- [Work required]
Starting at the first line of the material below, retype each line exactly until you reach the line with "根據(jù)市場研究公司SN", which is also included; pictures stay out.

- [Data shown]
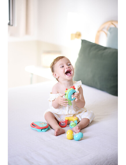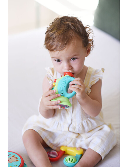 Ярките цветове привличат вниманието, звуците събуждат любопитството, а ергономичният дизайн помага на детето лесно да държи всеки инструмент, като така повишава увереността му.
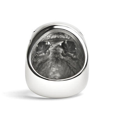 Detaljerad knäckt skalle med CZ -ögon rostfritt stål ring / SCR4033
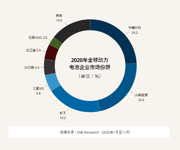 根據(jù)市場研究公司SNE Research發(fā)布的數(shù)據(jù),寧德時代是全球最大的動力電池供應商,在2020年前11個月中其市場份額為24.2%。LG化學則以22.6%的市場份額位居第二。
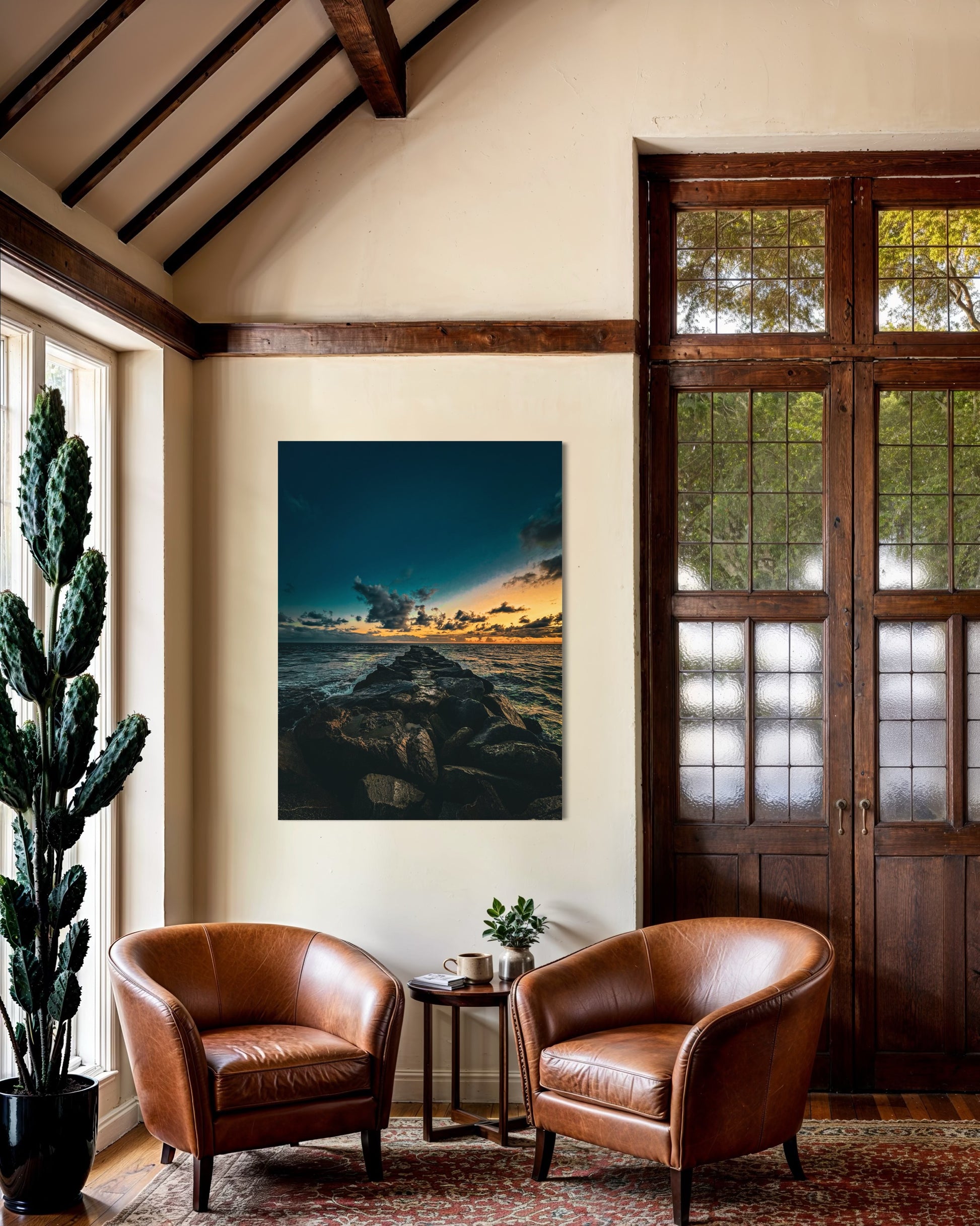 Every print is carefully produced and inspected to ensure gallery-level quality. hipping: securely packaged, ready to hang or frame.Let this ocean sunset remind you of calm horizons and endless movement — a timeless piece for those who love the sea.
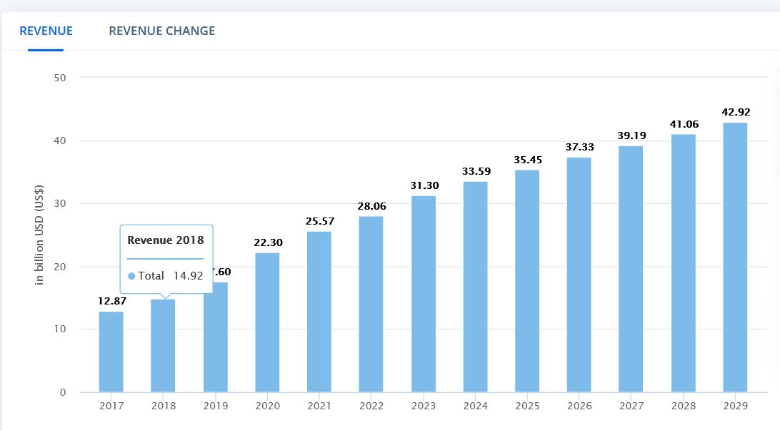 В денежном выражении в 2024 году глобальный аудиостриминг вырос не так значительно — на 7,3% до $33,6 млрд. В ближайшие пять лет темпы роста доходов аудиосервисов замедлятся. Среднегодовой рост составит 5%. В 2029 году объем рынка достигнет $43 млрд. На рынок США сейчас приходится большая часть доходов музыкальных сервисов — $13 млрд (доля 39%).

- [Result of this task]
 Ярките цветове привличат вниманието, звуците събуждат любопитството, а ергономичният дизайн помага на детето лесно да държи всеки инструмент, като така повишава увереността му.
 Detaljerad knäckt skalle med CZ -ögon rostfritt stål ring / SCR4033
 根據(jù)市場研究公司SNE Research發(fā)布的數(shù)據(jù),寧德時代是全球最大的動力電池供應商,在2020年前11個月中其市場份額為24.2%。LG化學則以22.6%的市場份額位居第二。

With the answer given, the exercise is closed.